» **Exercise description**
Using the entries below, restate word for word only the lines from the one with "开播至今,《九州缥缈录》维持在豆瓣6.9的评分,近6万人参与打分。" to the final line, leaving the pictures out.

Data entries:
· · · · ·

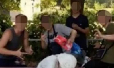 Φωτογραφία σοκ: Έφηβοι ποζάρουν, αφού «έλουσαν» με αλεύρι και αβγά ψυχικά ασθενή γυναίκα
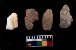 | Description / विवरण | There are n 4 of utilized worked cores and show multidirectional irregular scar pattern on both dorsal and ventral sides. |
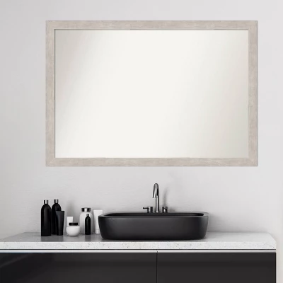 Give your bathroom the finishing touch with this 100% real wood Non-Beveled Wall Mirror framed with the Marred Silver frame. Individually made using traditional custom framing techniques, it has the quality you would expect from your local frame shop. It holds its value with premium finishing that can be appreciated up close. Because of our attention to detail and focus on artistry, architects, interior designers, and homeowners alike choose this mirror to create beautiful living spaces.
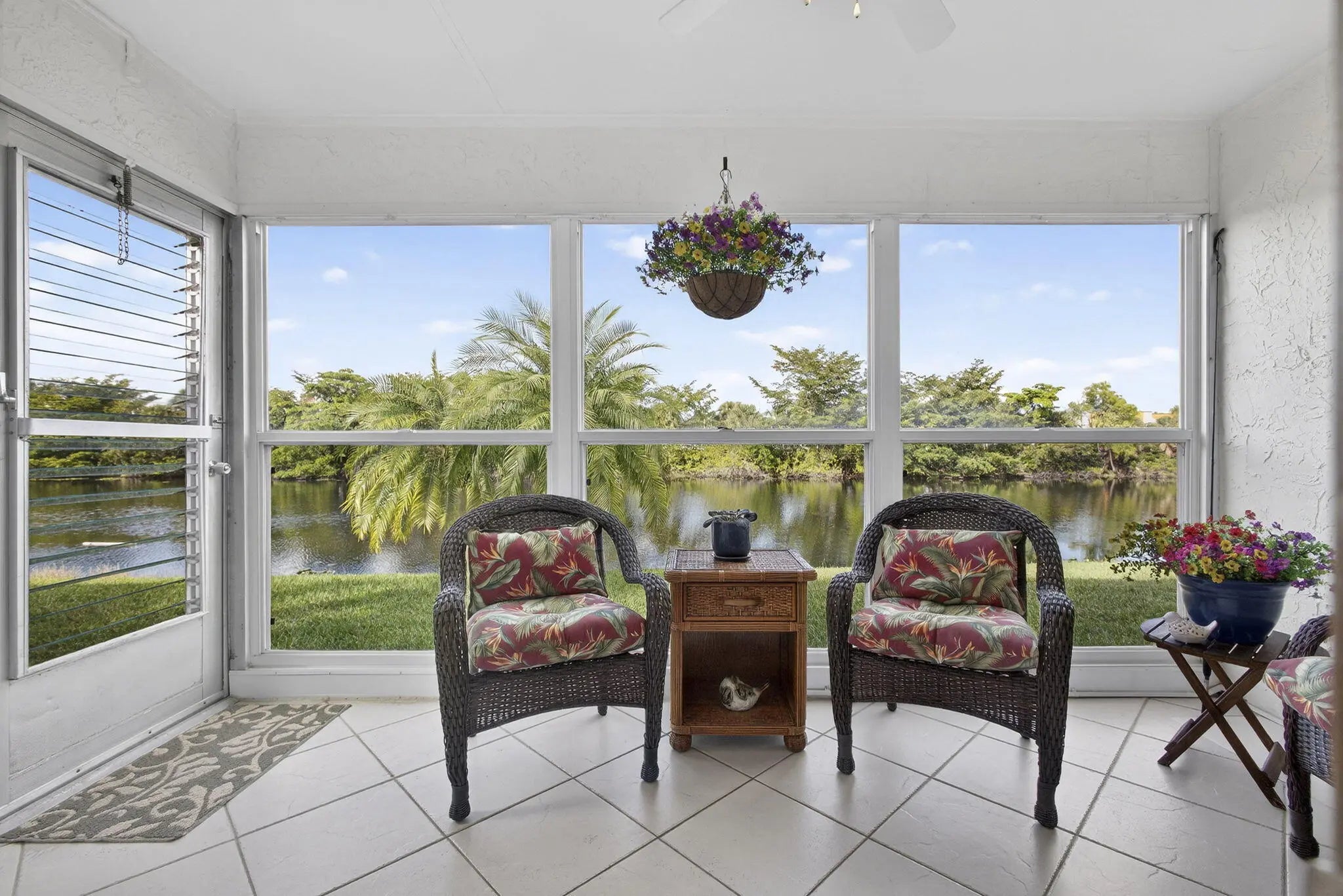 Gorgeous home move-in ready 2-bedroom, 2-bath condo with serene water view. Brand new GE All-In-One ventless washer/dryer, new dishwasher, new microwave, new garbage disposal Freshly painted throughout with brand-new carpet in bedrooms & beautiful laminate flooring and a beautiful new decorative front door and newly painted walk way for added curb appeal. Enjoy peace of mind with impact French doors and back windows that open to a screened patio overlooking a beautiful, serene water view to relax or unwind. Residents enjoy access to a private satellite pool and benefit from lower-than-average condo fees within this active, well-maintained community.Ideally located near the Turnpike, shopping, dining, and everyday essentials. Roof replaced in 2023. Fitness ctr, private satelite pool,
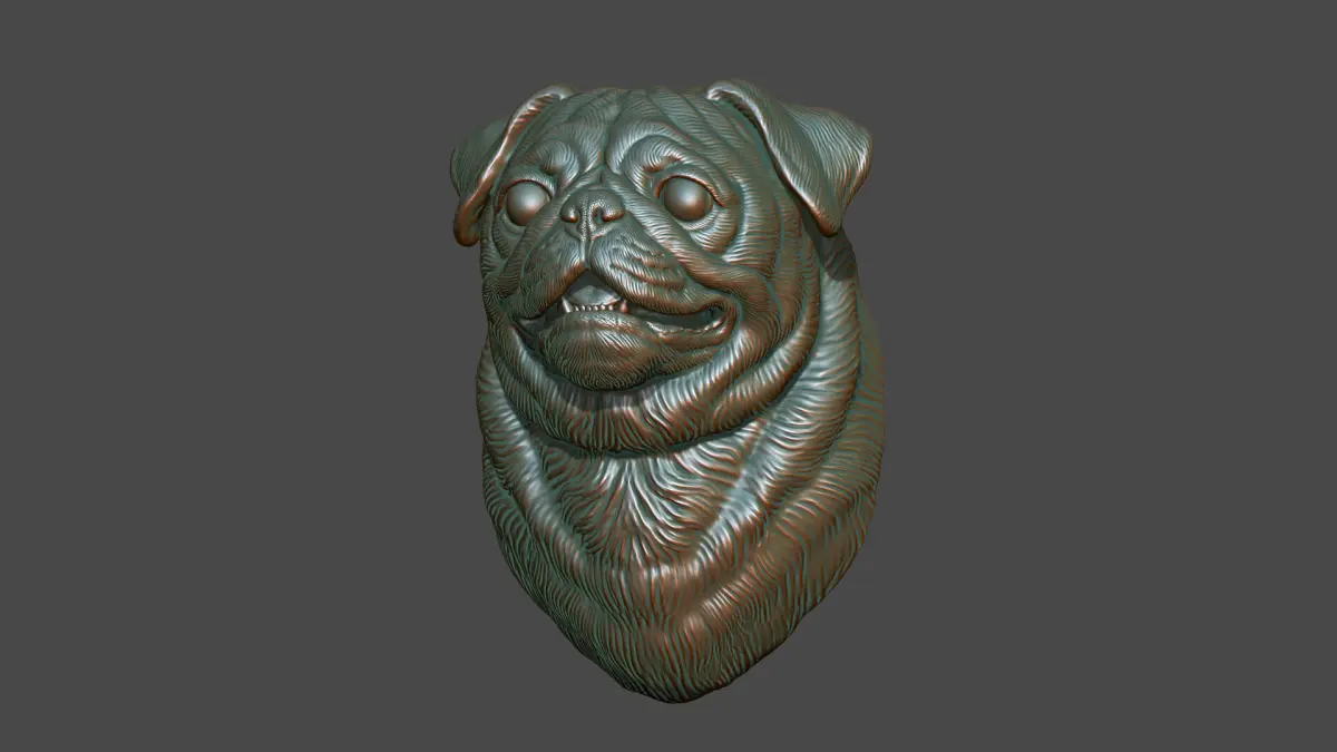 500K STL, OBJ triangulated mesh, Pug bust is cut off from the bottom
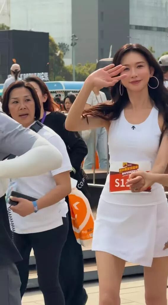 她身穿一套简约的白色运动装,在慢跑中肩颈线条平直舒展,腰腹紧致不见丝毫赘肉,步伐轻盈利落,整个人显得挺拔而充满元气。即便在路人随手抓拍的生图里,她白皙紧致的肌肤和高挑出众的身形在人群中依然瞩目,与同框的黄晓明、阿Sa等明星相比,其体态优势明显,被赞“优雅与元气并存”。
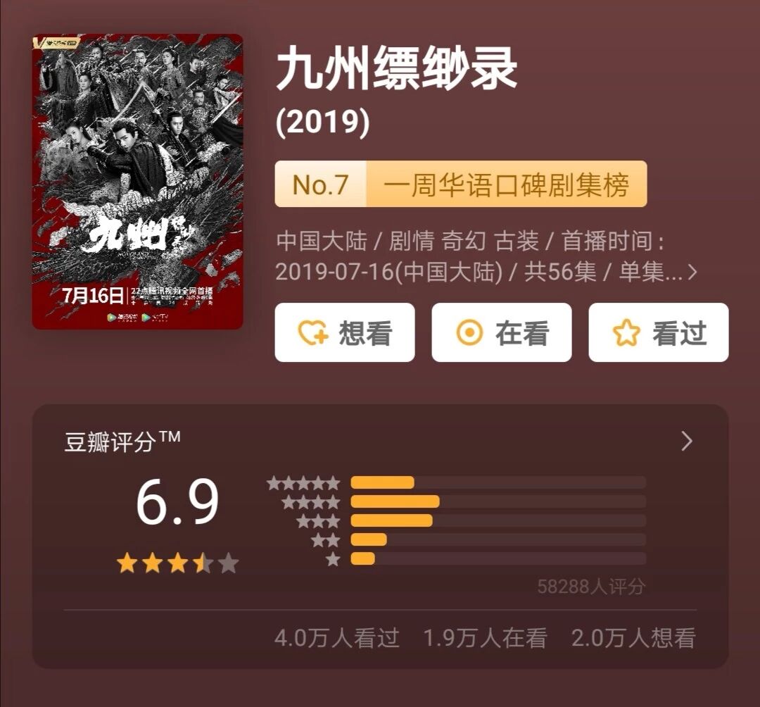 开播至今,《九州缥缈录》维持在豆瓣6.9的评分,近6万人参与打分。
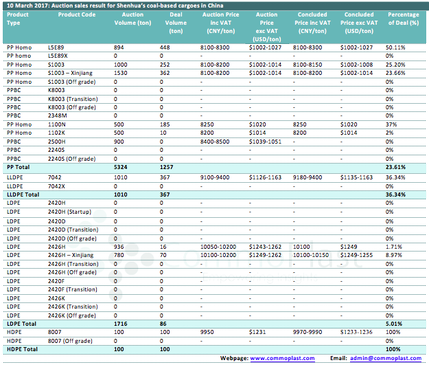 10 March 2017: Auction sales result for Shenhua's coal-based cargoes in China

· · · · ·

» **Answer box**
 开播至今,《九州缥缈录》维持在豆瓣6.9的评分,近6万人参与打分。
 10 March 2017: Auction sales result for Shenhua's coal-based cargoes in China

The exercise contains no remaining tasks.